Audrey,   qui est née à Saint-Germain-en-Laye, n’a pas suivi d’emblée le chemin de la piscine dans une ville dont le club de natation est  l’un des plus importants de France. « Je   faisais de l’acrosport, et ce jusqu’à 18 ans, explique-t-elle. J‘ai donc plongé   assez tard. Pourquoi ? D’abord, l’acrosport n’est pas un sport olympique   et le plongeon l’est, olympique. Ensuite  j‘avais des partenaires qui ont quitté l’acrosport   et je me suis retrouvée seule. »
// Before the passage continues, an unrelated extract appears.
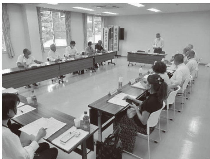
9月26日開催の評議員会の様子

当日は、第1期福祉のまちづくり行動計画(H30～R4)の評価表の報告も行われました。第1期計画期間中には、地域包括支援センター、障害者地域活動支援センター、総合相談支援センター等、様々な新規事業を受託し、住民の生活課題への対応が可能な組織体制を整備してきたことなど、30項目の計画について内部評価を行い、5年間の実績と成果について報告を行いました。

Le   plongeon et la gymnastique font partie d’un même genre de sports, dits sports   acrobatiques. Peut-on imaginer un passage immédiatement rentable entre l’acrosport   et le plongeon ? Non, répond Audrey :

« Il   faut oublier pas mal de choses et en acquérir d’autres. La technique n’est   pas la même. Il y a bien entendu beaucoup de points communs, la place dans l’espace,   les repères visuels. Une chose difficile à comprendre, c’est l’arrivée par la   tête, alors que sur terre, on arrive par les pieds. Moi, quand je partais le   dos à l’eau, e comprenais, mais de face, je comprenais mal, et alors c’était   l’arrivée à plat ventre ou à plat dos, et pas comme il faut. »

« Il   a fallu deux, trois ans. Disons deux. Après, ce n’était pas facile tous les jours, mais ça allait mieux. La première année, j’ai été entraînée par Monsieur Pierre (lisez :   Bernard Pierre), puis le reste de ma carrière par Gilles Emptoz-Lacote. »

Audrey avaIt obtenu son professorat de sport en 2010. On lui avait réservé un « poste   INSEP » qui lui garantissait un emploi du temps très allégé permettant   deux entraînements par jour, « ce que je n’aurais pu faire avec un emploi normal » ajoute-t-elle.

Après les Jeux olympiques de Londres, Gilles a pris du galon, est devenu DTN adjoint chargé du plongeon et a rejoint son poste à Bordeaux. Une place d’entraîneur à l’INSEP était disponible. Audrey n’a pas hésité. Une telle opportunité ne   se représenterait pas de sitôt. Elle a abandonné la pratique pour l’enseignement : « de toutes façons, j‘aurais plongé un an de plus, mais je n’aurais pas   fait l’olympiade, dit-elle. Donc pas de regrets. D’autant, dit-elle que : « j‘ai trois anciens gymnastes », ajoute-t-elle avec un accent de   triomphe dans la voix.